Work to complete: In the listing below, locate the line with "Elegante lijnen en" and the line with "Ctrl + klik", then output both and everything between them exactly, minus any pictures.

Source material:
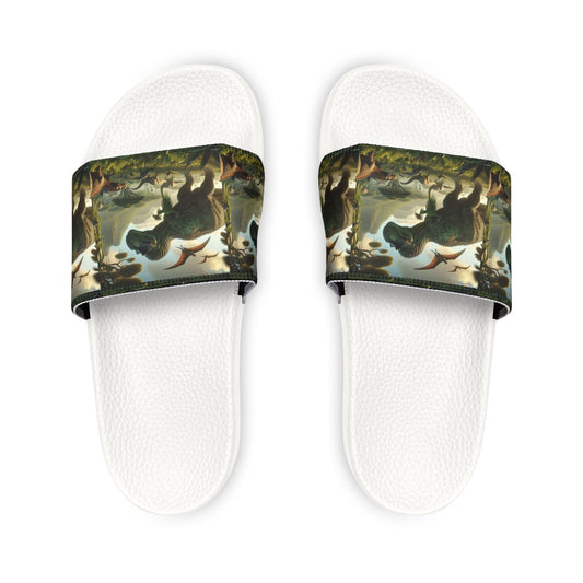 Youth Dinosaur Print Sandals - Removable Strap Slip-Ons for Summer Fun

---

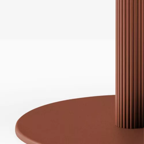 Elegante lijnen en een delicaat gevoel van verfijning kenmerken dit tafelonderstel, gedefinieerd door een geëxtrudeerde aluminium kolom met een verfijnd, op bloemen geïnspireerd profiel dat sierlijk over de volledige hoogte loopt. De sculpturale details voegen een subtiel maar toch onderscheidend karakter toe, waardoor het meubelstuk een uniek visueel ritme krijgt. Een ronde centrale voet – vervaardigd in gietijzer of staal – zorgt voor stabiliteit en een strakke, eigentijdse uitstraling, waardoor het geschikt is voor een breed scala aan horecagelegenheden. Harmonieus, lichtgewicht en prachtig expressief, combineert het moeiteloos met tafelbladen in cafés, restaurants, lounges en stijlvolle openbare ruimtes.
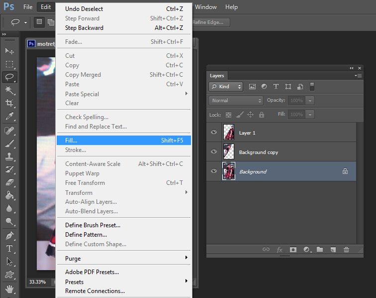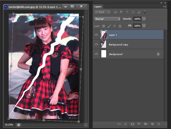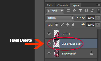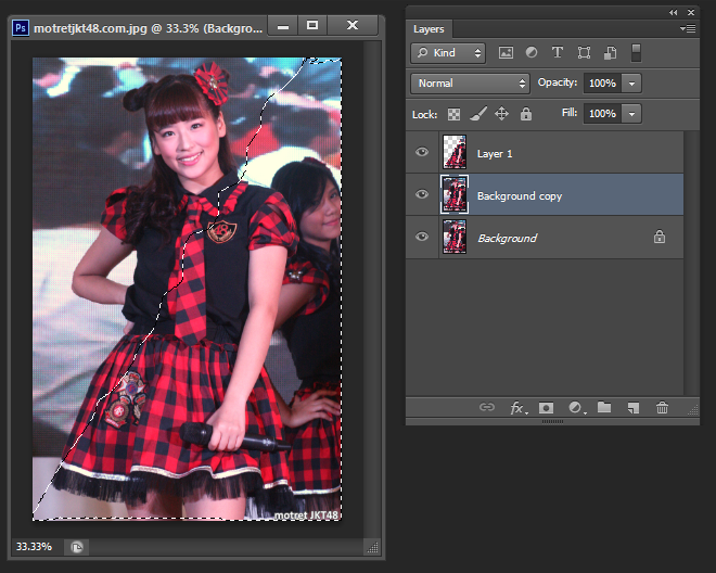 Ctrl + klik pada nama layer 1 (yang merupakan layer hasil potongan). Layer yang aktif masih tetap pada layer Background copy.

Answer to this task:
 Elegante lijnen en een delicaat gevoel van verfijning kenmerken dit tafelonderstel, gedefinieerd door een geëxtrudeerde aluminium kolom met een verfijnd, op bloemen geïnspireerd profiel dat sierlijk over de volledige hoogte loopt. De sculpturale details voegen een subtiel maar toch onderscheidend karakter toe, waardoor het meubelstuk een uniek visueel ritme krijgt. Een ronde centrale voet – vervaardigd in gietijzer of staal – zorgt voor stabiliteit en een strakke, eigentijdse uitstraling, waardoor het geschikt is voor een breed scala aan horecagelegenheden. Harmonieus, lichtgewicht en prachtig expressief, combineert het moeiteloos met tafelbladen in cafés, restaurants, lounges en stijlvolle openbare ruimtes.
 Ctrl + klik pada nama layer 1 (yang merupakan layer hasil potongan). Layer yang aktif masih tetap pada layer Background copy.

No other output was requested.